----- Dataset entries -----

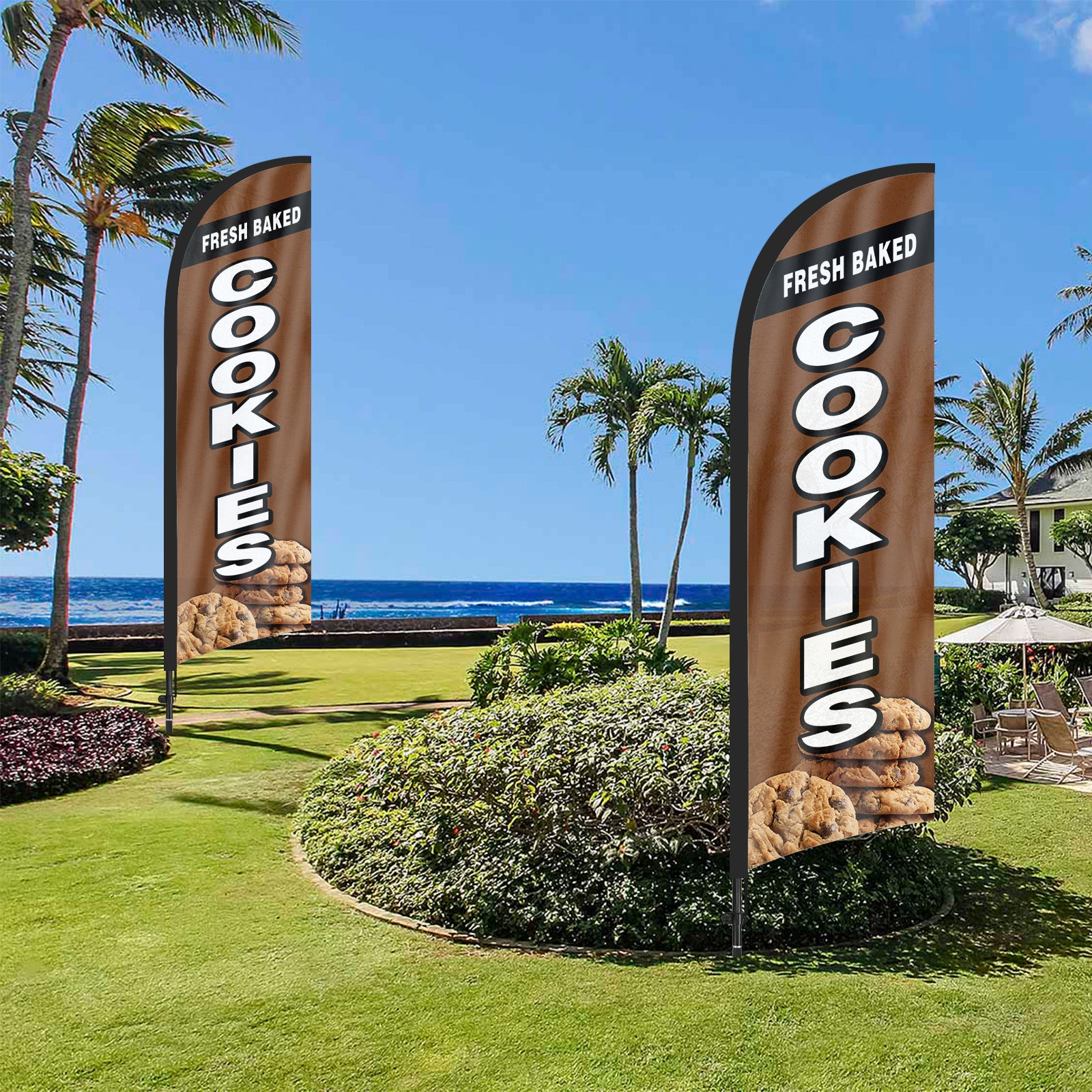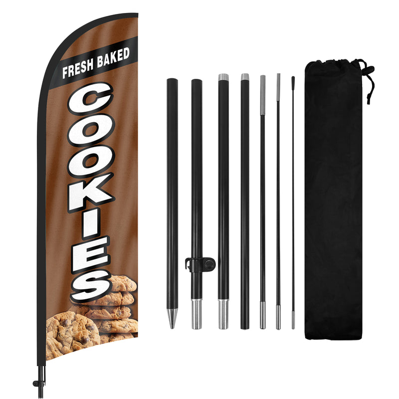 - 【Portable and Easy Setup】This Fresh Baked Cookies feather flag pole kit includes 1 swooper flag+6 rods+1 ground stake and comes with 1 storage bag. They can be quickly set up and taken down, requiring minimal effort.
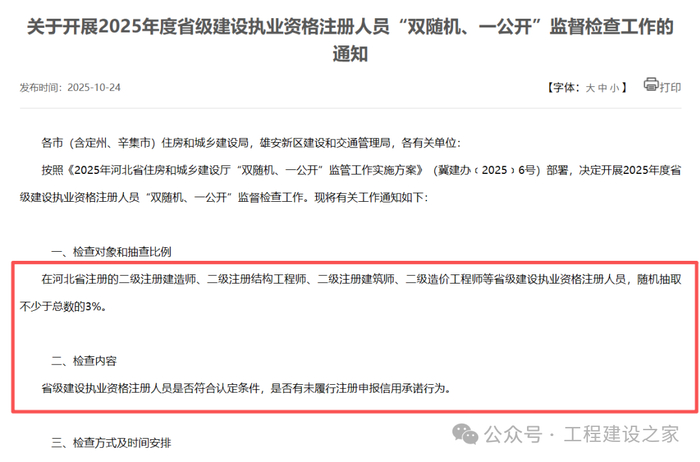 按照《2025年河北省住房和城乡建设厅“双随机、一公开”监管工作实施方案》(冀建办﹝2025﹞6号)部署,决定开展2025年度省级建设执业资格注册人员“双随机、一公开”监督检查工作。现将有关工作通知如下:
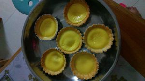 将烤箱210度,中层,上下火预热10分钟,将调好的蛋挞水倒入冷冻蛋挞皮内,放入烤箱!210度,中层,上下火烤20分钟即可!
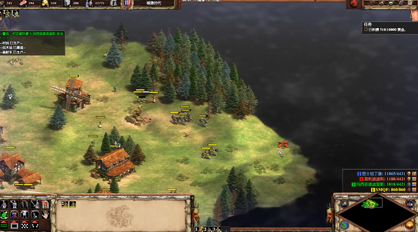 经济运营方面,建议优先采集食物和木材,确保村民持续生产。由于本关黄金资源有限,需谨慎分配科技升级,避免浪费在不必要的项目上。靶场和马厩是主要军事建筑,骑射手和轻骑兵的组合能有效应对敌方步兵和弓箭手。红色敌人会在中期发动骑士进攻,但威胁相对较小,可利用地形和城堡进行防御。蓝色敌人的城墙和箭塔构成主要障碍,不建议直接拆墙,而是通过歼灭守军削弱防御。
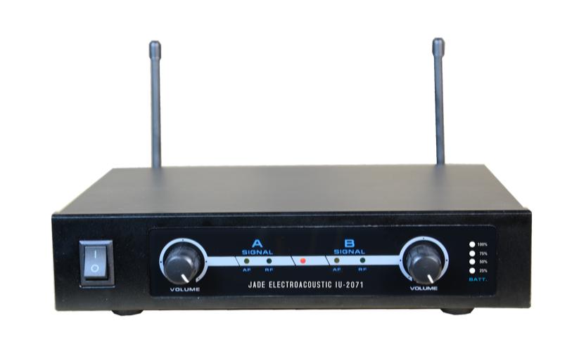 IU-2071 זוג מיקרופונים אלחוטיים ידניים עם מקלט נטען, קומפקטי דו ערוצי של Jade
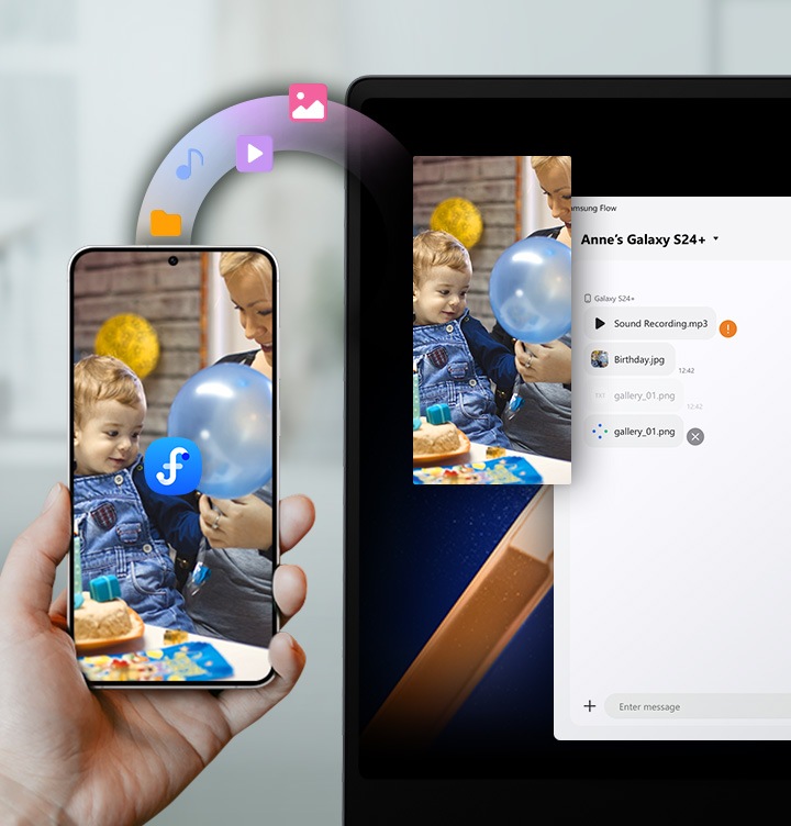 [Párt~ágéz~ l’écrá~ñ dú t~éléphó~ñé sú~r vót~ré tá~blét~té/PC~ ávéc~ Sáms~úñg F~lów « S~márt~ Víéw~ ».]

-----

**Required work**
From the line containing "将烤箱210度,中层,上下火" down to the last line of the entries above, set down every line exactly. Omit all pictures.

**Task answer**
 将烤箱210度,中层,上下火预热10分钟,将调好的蛋挞水倒入冷冻蛋挞皮内,放入烤箱!210度,中层,上下火烤20分钟即可!
 经济运营方面,建议优先采集食物和木材,确保村民持续生产。由于本关黄金资源有限,需谨慎分配科技升级,避免浪费在不必要的项目上。靶场和马厩是主要军事建筑,骑射手和轻骑兵的组合能有效应对敌方步兵和弓箭手。红色敌人会在中期发动骑士进攻,但威胁相对较小,可利用地形和城堡进行防御。蓝色敌人的城墙和箭塔构成主要障碍,不建议直接拆墙,而是通过歼灭守军削弱防御。
 IU-2071 זוג מיקרופונים אלחוטיים ידניים עם מקלט נטען, קומפקטי דו ערוצי של Jade
 [Párt~ágéz~ l’écrá~ñ dú t~éléphó~ñé sú~r vót~ré tá~blét~té/PC~ ávéc~ Sáms~úñg F~lów « S~márt~ Víéw~ ».]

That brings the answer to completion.